[THE TASK]: The output should match, line for line, the records from the line containing "关于更新设置,楼主可在防火墙升级设置里选为 即时升级,瑞星防火墙即可自动升级" through the line containing "The map shows", with every picture left out.

[RECORDS PROVIDED]:

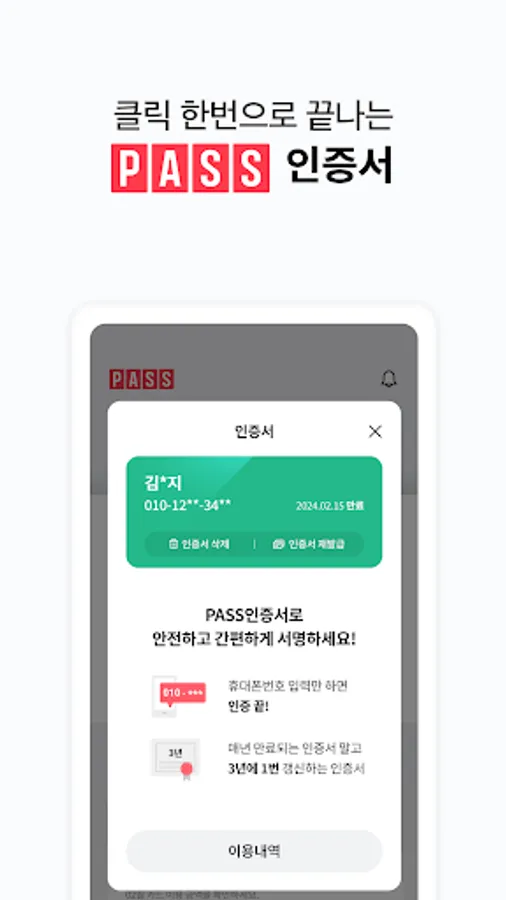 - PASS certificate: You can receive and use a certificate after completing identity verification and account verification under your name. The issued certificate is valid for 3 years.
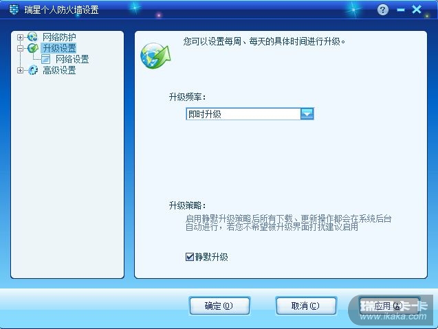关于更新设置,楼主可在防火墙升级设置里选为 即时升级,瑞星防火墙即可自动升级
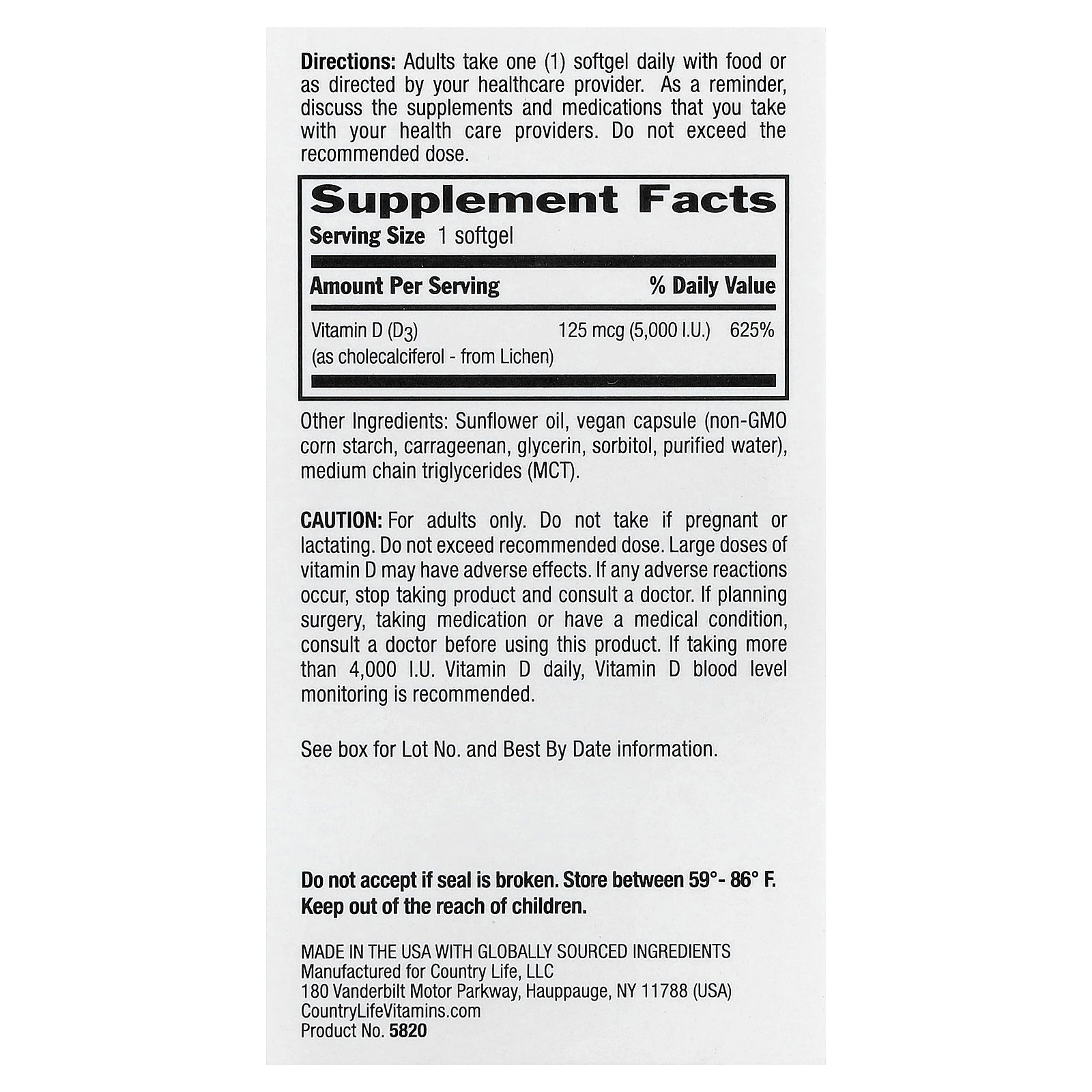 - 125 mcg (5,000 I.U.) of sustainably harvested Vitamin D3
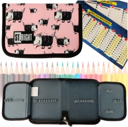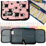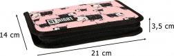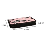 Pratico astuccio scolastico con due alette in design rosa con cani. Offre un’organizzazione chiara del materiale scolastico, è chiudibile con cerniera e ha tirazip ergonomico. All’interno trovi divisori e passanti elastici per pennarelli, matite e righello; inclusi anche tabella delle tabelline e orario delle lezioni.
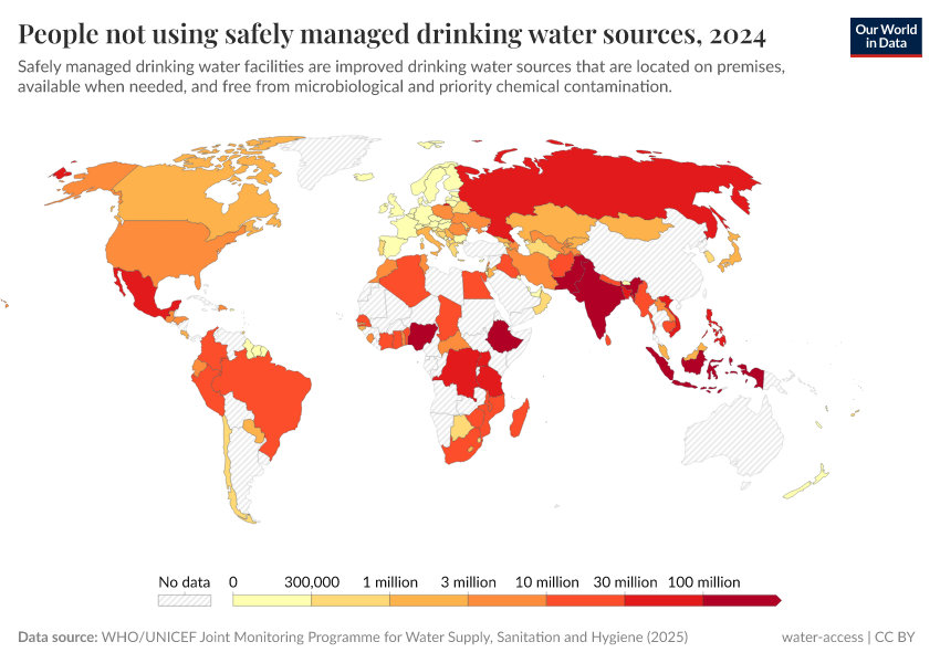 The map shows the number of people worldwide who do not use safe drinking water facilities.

* * *

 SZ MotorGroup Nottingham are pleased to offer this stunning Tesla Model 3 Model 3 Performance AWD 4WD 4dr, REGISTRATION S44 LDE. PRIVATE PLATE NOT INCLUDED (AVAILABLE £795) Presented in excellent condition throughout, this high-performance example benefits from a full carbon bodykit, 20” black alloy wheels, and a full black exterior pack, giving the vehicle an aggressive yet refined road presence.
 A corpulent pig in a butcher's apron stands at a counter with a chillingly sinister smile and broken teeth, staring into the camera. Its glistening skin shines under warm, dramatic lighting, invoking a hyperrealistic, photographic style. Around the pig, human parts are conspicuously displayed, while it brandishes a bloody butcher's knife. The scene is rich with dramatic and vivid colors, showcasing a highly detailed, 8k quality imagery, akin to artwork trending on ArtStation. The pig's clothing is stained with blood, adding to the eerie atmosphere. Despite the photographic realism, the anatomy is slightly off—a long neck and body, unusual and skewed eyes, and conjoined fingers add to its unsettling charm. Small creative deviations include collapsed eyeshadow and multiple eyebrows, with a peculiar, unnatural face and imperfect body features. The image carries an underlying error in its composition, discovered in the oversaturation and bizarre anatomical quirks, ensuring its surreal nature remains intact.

[ANSWER SECTION]:
关于更新设置,楼主可在防火墙升级设置里选为 即时升级,瑞星防火墙即可自动升级
 - 125 mcg (5,000 I.U.) of sustainably harvested Vitamin D3
 Pratico astuccio scolastico con due alette in design rosa con cani. Offre un’organizzazione chiara del materiale scolastico, è chiudibile con cerniera e ha tirazip ergonomico. All’interno trovi divisori e passanti elastici per pennarelli, matite e righello; inclusi anche tabella delle tabelline e orario delle lezioni.
 The map shows the number of people worldwide who do not use safe drinking water facilities.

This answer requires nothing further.